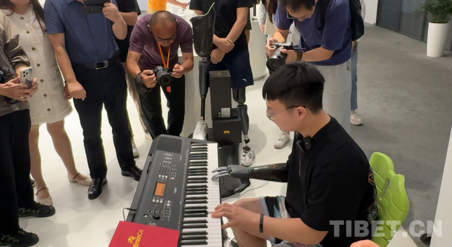 圖為BrainCo強(qiáng)腦科技產(chǎn)品體驗(yàn)官周鍵在彈鋼琴
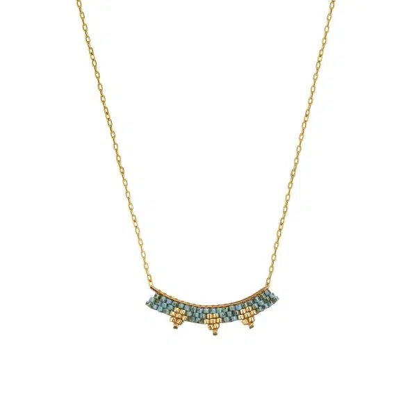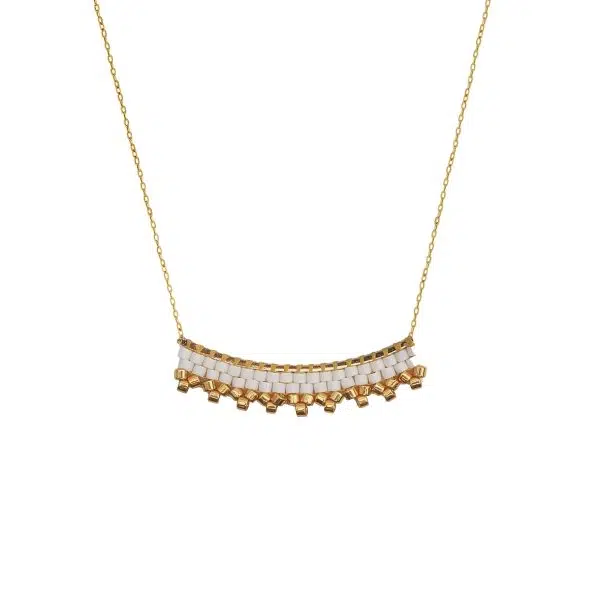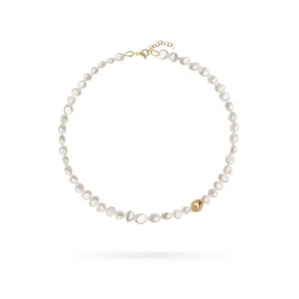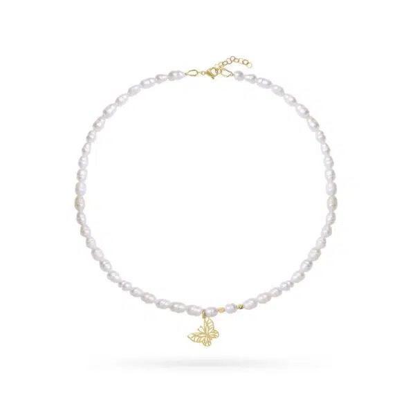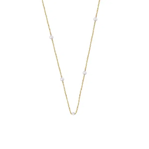 گردنبند طلا و مروارید با آویز حرف H نگین دار
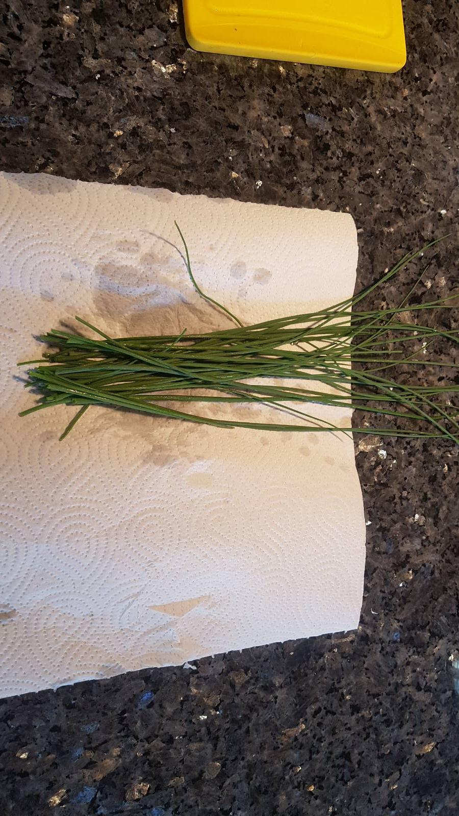 ได้ข้าวริซอตโตคุณภาพดีมา เก็บหัวหอมและต้น chives ในกระถางมาล้างสับ
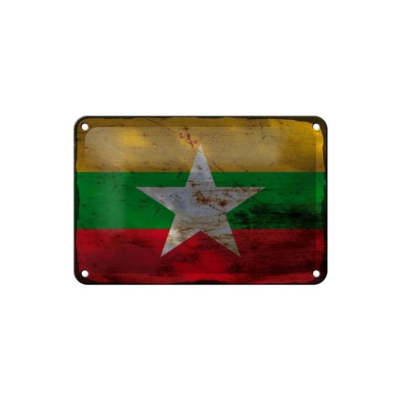 Tin Sign Myanmar Flag 18 x 12 cm Flag of Myanmar Rust Decorative Sign

◇ ◇ ◇ ◇ ◇ ◇ ◇

● Problem details: Reproduce all of the material exactly, apart from the pictures.

● Exercise response:
 圖為BrainCo強(qiáng)腦科技產(chǎn)品體驗(yàn)官周鍵在彈鋼琴
 گردنبند طلا و مروارید با آویز حرف H نگین دار
 ได้ข้าวริซอตโตคุณภาพดีมา เก็บหัวหอมและต้น chives ในกระถางมาล้างสับ
 Tin Sign Myanmar Flag 18 x 12 cm Flag of Myanmar Rust Decorative Sign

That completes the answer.